Hello Kiki is such a lovely girl that she loves doing counting in a different way. For example, when she is counting X coins, she count them N times. Each time she divide the coins into several same sized groups and write down the group size Mi and the number of the remaining coins Ai on her note.
One day Kiki's father found her note and he wanted to know how much coins Kiki was counting.
Input
The first line is T indicating the number of test cases.
Each case contains N on the first line, Mi(1 <= i <= N) on the second line, and corresponding Ai(1 <= i <= N) on the third line.
All numbers in the input and output are integers.
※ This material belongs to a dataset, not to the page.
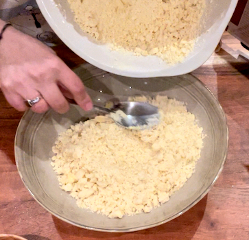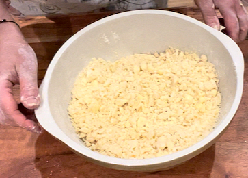 ✔ Folosind o furculiță sau vârfurile degetelor, frământă ușor până obții o textură asemănătoare firimiturilor.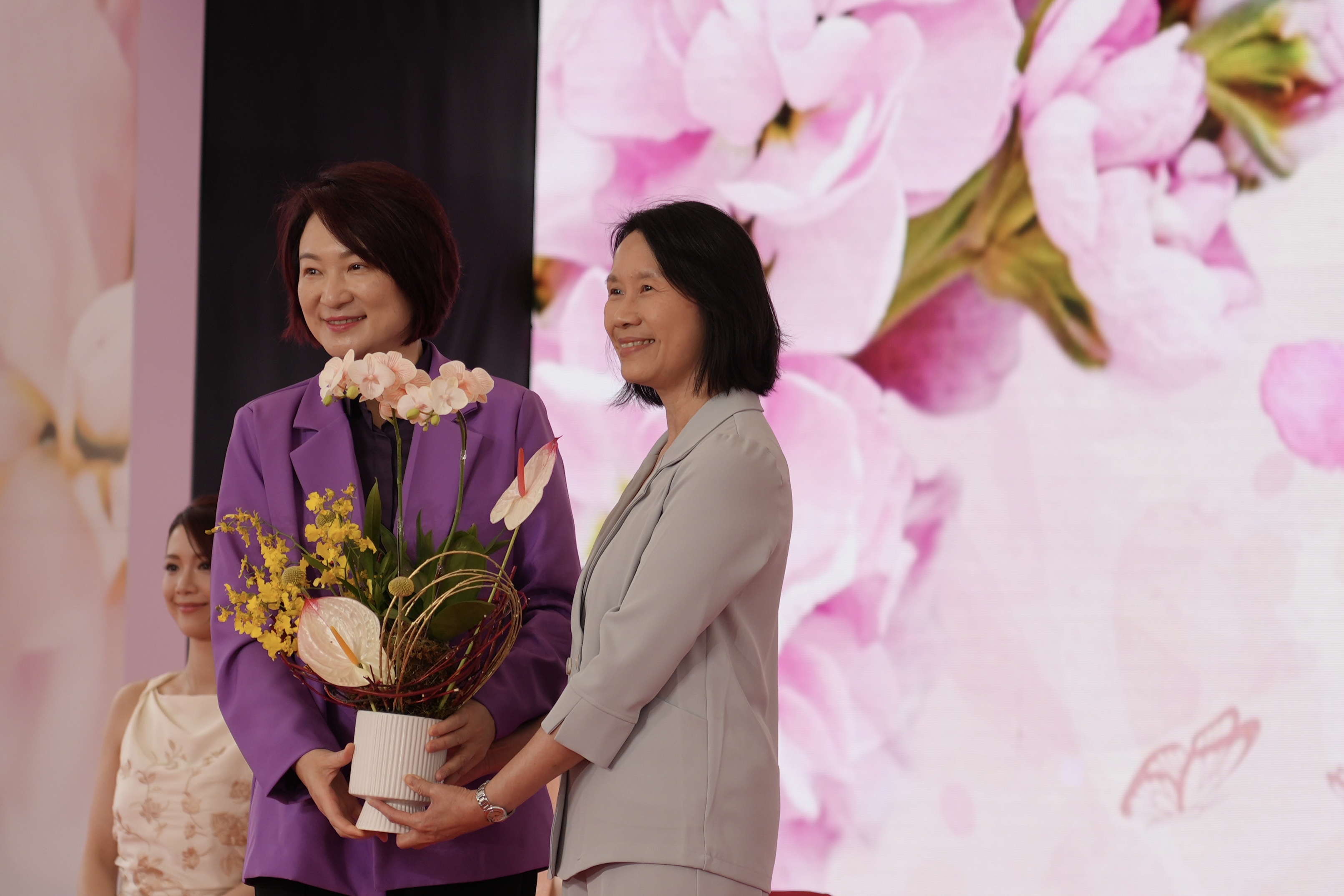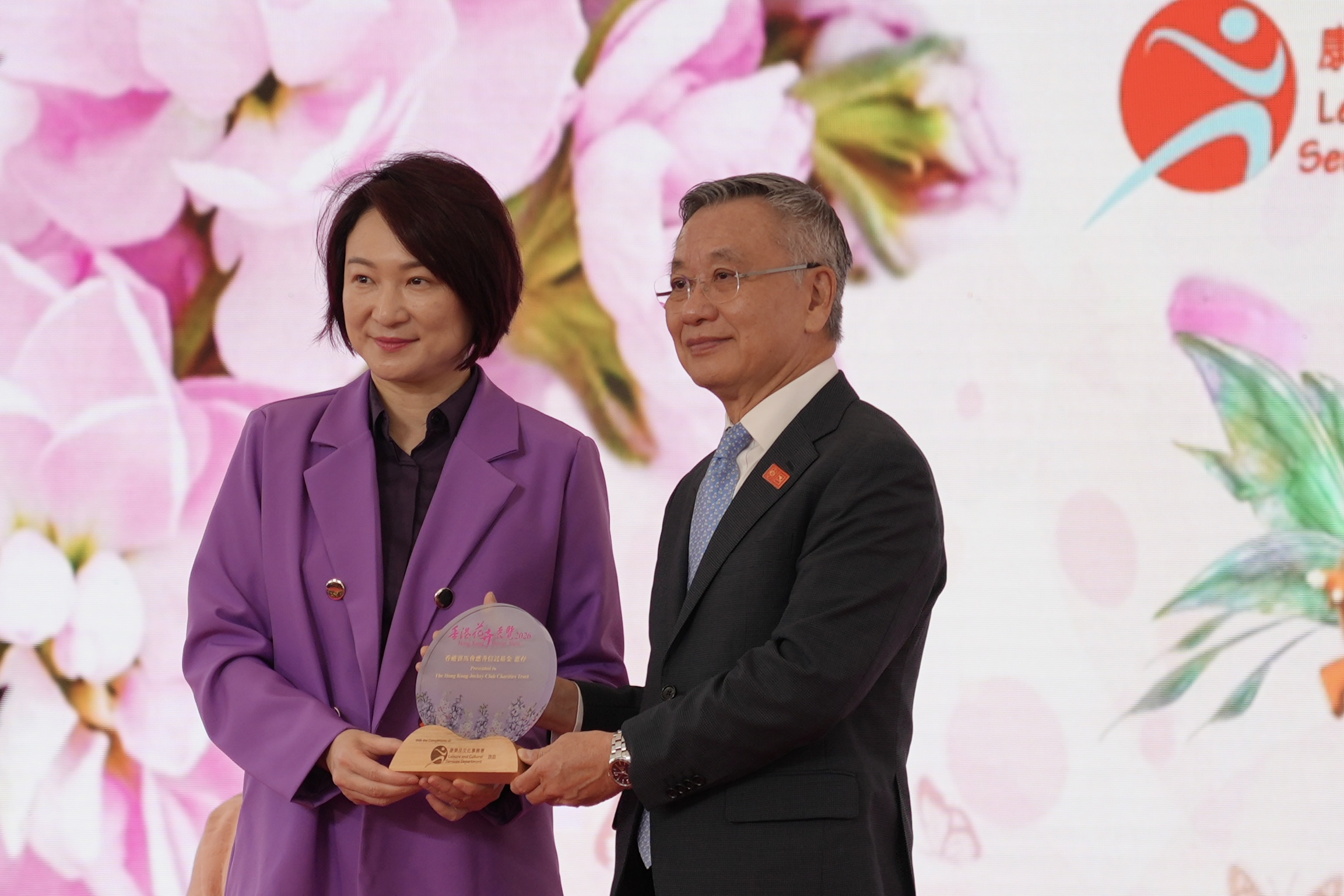立法會主席李慧琼今日亦應景身穿紫色套裝,分別為香港賽馬會董事羅啟華,康樂及文化事務署署長陳詠雯送上紀念品,以祝花展圓滿舉行。

1 <= T <= 100, 1 <= N <= 6, 1 <= Mi <= 50, 0 <= Ai < Mi
Output
For each case output the least positive integer X which Kiki was counting in the sample output format. If there is no solution then output -1.
Sample Input
2 2
14 57
5 56
5
19 54 40 24 80
11 2 36 20 76
Sample Output
Case 1: 341
Case 2: 5996
套用中国剩余定理模板即可求解....
注意此题有特判, 当余数为0时, 输出最小公倍数.....
代码如下:
#include <cstdio>
#include <cstring>
#include <algorithm>
#include <iostream>
using namespace std;
const int maxn=55;
int t;
typedef __int64 ll;
ll m[maxn],a[maxn];
int k;
ll Extend (ll A,ll B,ll& X,ll& Y)
{
if(B==0)
{
X=1; Y=0;
return A;
}
else
{
ll ans,temp;
ans=Extend (B,A%B,X,Y);
temp=X;
X=Y;
Y=temp-A/B*Y;
return ans;
}
}
ll solve ()
{
ll x,y,d,t,c;
for (int i=1;i<k;i++)
{
c=a[i]-a[i-1];
d=Extend (m[i-1],m[i],x,y);
if(c%d) return -1;
x=c/d*x;
t=m[i]/d;
x=(x%t+t)%t;
a[i]=m[i-1]*x+a[i-1];
m[i]=m[i]/d*m[i-1];
}
if(a[k-1]==0)
a[k-1]=m[k-1];
return a[k-1];
}
int main()
{
scanf("%d",&t);
for (int j=1;j<=t;j++)
{
scanf("%d",&k);
for (int i=0;i<k;i++)
scanf("%I64d",&m[i]);
for (int i=0;i<k;i++)
scanf("%I64d",&a[i]);
ll ans=solve();
printf("Case %d: %I64d\n",j,ans);
}
return 0;
}